On l’appelait Brûle Maison mais son véritable nom était François Cotigny. Ce chansonnier Lillois est né le 16 janvier 1678. Il résumait sa vie  à peu de chose, mais combien importante : rire et faire rire, en se moquant surtout des Tourquennois qu’il prenait pour de simples d’esprit et les Lillois aimaient ça. 

Il quitte ce monde, en 1740 par une toute dernière farce à la vie, suspendu dans le vide déclenchant un ultime fou rire chez ses voisins. Le farceur avait commandé un cercueil de son vivant, mais beaucoup trop large pour être descendu par l’escalier. Commerçant bonnetier installé près du théâtre, il laissait à sa femme le soin de faire tourner la boutique. Lui, arpentait les foires et les marchés vendant des articles de mode et de mercerie. Vêtu d’un somptueux costume de parade, coiffé d’un grand chapeau à plumes, une longue canne à la main,  il attirait les badauds après force boniments en  mettant le feu à  une maison de papier comme d’autres cassaient de la vaisselle. On le surnomma tout naturellement « Brûle Maison le joyeux » jusqu’au jour où un  fin paysan Tourquennois lui demanda :

« Toi qui est si malin, pourquoi souffles-tu dans tes mains lorsqu’il fait froid et sur ta soupe quand elle est trop chaude ? »
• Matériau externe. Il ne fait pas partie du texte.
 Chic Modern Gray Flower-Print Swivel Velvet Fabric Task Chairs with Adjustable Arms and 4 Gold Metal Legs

Pris au dépourvu, vexé, (les Lillois n’aiment pas passer pour des idiots), il resta de longs jours prostré, muet, déprimé, comme dans un coma profond. Mais un beau matin, comme un diable sortant de sa boite, il se mit à accuser  les Tourquennois de toutes les tares de la terre, et entama sur le champ une carrière de chansonnier, auteur de textes qui tournent en ridicule, bien sûr, les pauvres habitants de cette ville.

-Il racontait avoir vu des chasseurs Tourquennois tuer un pauvre veau, le prenant pour un ours !
-Affirmait que les pécheurs Tourquennois  semaient des croques dans les marais   les nuits de pleine lune pour récolter des carpes !
-Qu’un Tourquennois avait tué sa femme en chassant les puces de son lit avec un pistolet !
-Qu’un autre se vantait  de pouvoir  manger plus de prunes qu’un cochon et qu’il resta quatre jours sur le pot !
-Qu’ils plaçaient leur courrier pour Lille dans une brouette, pensant qu’il arriverait plus vite etc, etc.
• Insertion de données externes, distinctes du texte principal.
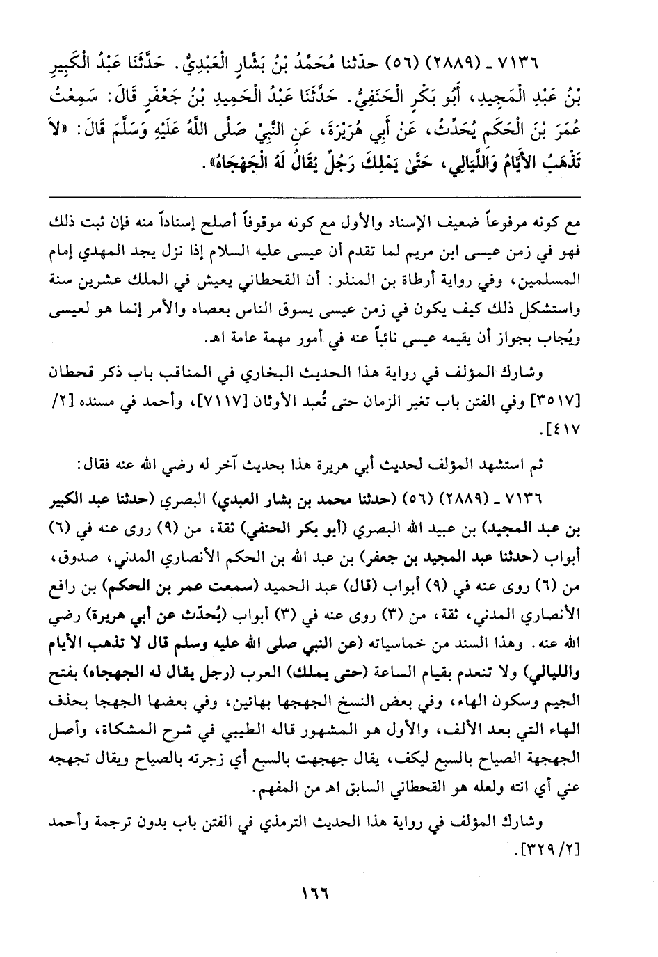 ٧١٣٦ - (٢٨٨٩) (٥٦) (حدثنا محمد بن بشار العبدي) البصري (حدثنا عبد الكبير بن عبد المجيد) بن عبيد الله البصري (أبو بكر الحنفي) ثقة، من (٩) روى عنه في (٦) أبواب (حدثنا عبد المجيد بن جعفر) بن عبد الله بن الحكم الأنصاري المدني، صدوق، من (٦) روى عنه في (٩) أبواب (قال) عبد الحميد (سمعت عمر بن الحكم) بن رافع الأنصاري المدني، ثقة، من (٣) روى عنه في (٣) أبواب (يُحدّث عن أبي هريرة) رضي الله عنه. وهذا السند من خماسياته (عن النبي صلى الله عليه وسلم قال لا تذهب الأيام والليالي) ولا تنعدم بقيام الساعة (حتى يملك) العرب (رجل يقال له الجهجاه) بفتح الجيم وسكون الهاء، وفي بعض النسخ الجهجها بهائين، وفي بعضها الجهجا بحذف الهاء التي بعد الألف، والأول هو المشهور قاله الطيبي في شرح المشكاة، وأصل الجهجهة الصياح بالسبع ليكف، يقال جهجهت بالسبع أي زجرته بالصياح ويقال تجهجه عني أي انته ولعله هو القحطاني السابق اهـ من المفهم.

Ces plaisanteries agaçaient  les Tourquennois, mais ils se consolaient, en sachant, qu’à côté d’eux, un Lillois ne valait pas grand-chose au travail. Ses chansons étaient connues de tous. Il devenait de plus en plus célèbre ; on éditait ses textes qui étaient repris en chœur dans tous les cabarets de la région. Un de ses plus grands succès mettait en scène un négociant flamand envoyé à Tourcoing pour apprendre le bon français. Pensez donc, eux qui ne parlaient qu’une sorte de charabia incompréhensible ! La renommée de notre Brûle Maison ne tarda pas à faire des jaloux auprès des rimailleurs de chez nous. Les mauvaises langues affirmaient que le véritable auteur de ces textes était un  coquin chanoine de la Collégiale St Pierre, voir un éminent bourgeois Lillois. Et pourtant ! Desrousseaux, grand admirateur de notre François, était furieux d’entendre ça.
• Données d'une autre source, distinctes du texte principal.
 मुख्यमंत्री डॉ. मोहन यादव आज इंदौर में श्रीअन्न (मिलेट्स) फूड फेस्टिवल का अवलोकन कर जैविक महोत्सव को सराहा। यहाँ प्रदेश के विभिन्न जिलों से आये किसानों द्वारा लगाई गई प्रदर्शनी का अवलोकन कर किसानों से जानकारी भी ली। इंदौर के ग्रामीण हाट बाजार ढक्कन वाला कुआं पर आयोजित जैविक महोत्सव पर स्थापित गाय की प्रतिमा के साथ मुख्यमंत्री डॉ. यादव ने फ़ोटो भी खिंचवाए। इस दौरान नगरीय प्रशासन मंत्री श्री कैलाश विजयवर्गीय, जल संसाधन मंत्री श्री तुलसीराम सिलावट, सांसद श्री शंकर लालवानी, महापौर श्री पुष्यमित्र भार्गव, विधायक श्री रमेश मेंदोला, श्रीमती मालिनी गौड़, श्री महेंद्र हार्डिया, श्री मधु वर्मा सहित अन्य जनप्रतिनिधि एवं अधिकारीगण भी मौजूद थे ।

Tout comme Géry Legrand, maire de la ville qui s’empressa de donner le nom de Brûle Maison à l’une des rues du nouveau Lille. Sa femme avait tellement d’admiration pour lui qu’elle subissait ses plaisanteries sans trop se plaindre, car il ne s’arrêtait jamais. Un soir, sous prétexte que l’épicier du coin n’avait plus de moutarde, il partit en acheter à Dijon. Sa compagne l’attendit pendant plusieurs semaines ! Une fois,  la soupe était trop chaude,

– Ah, ben dis donc, j’ai juste le temps d’aller à Rome en attendant qu’elle refroidisse !
Elle crut qu’il allait boire un verre au cabaret « le Rome » tout près de chez lui.
Son absence dura un an, il avait  voyagé à pied, vendant ses produits et ses chansons pour vivre.
A son retour,  il rencontre un de ses amis :
-Où étais- tu depuis si longtemps ?
-à Rome
-à Rome ! Ah !et de quel côté est la statue de St Pierre dans la basilique ?

Incapable de lui répondre,  il repartit pour Rome sans même avoir salué son épouse. Apprenant sa mort en 1740, les Tourquennois, dit-on, allumèrent des feux de joie et dansèrent toute la nuit. Tel a vécu ce gai luron, Lillois, et fier de l’être.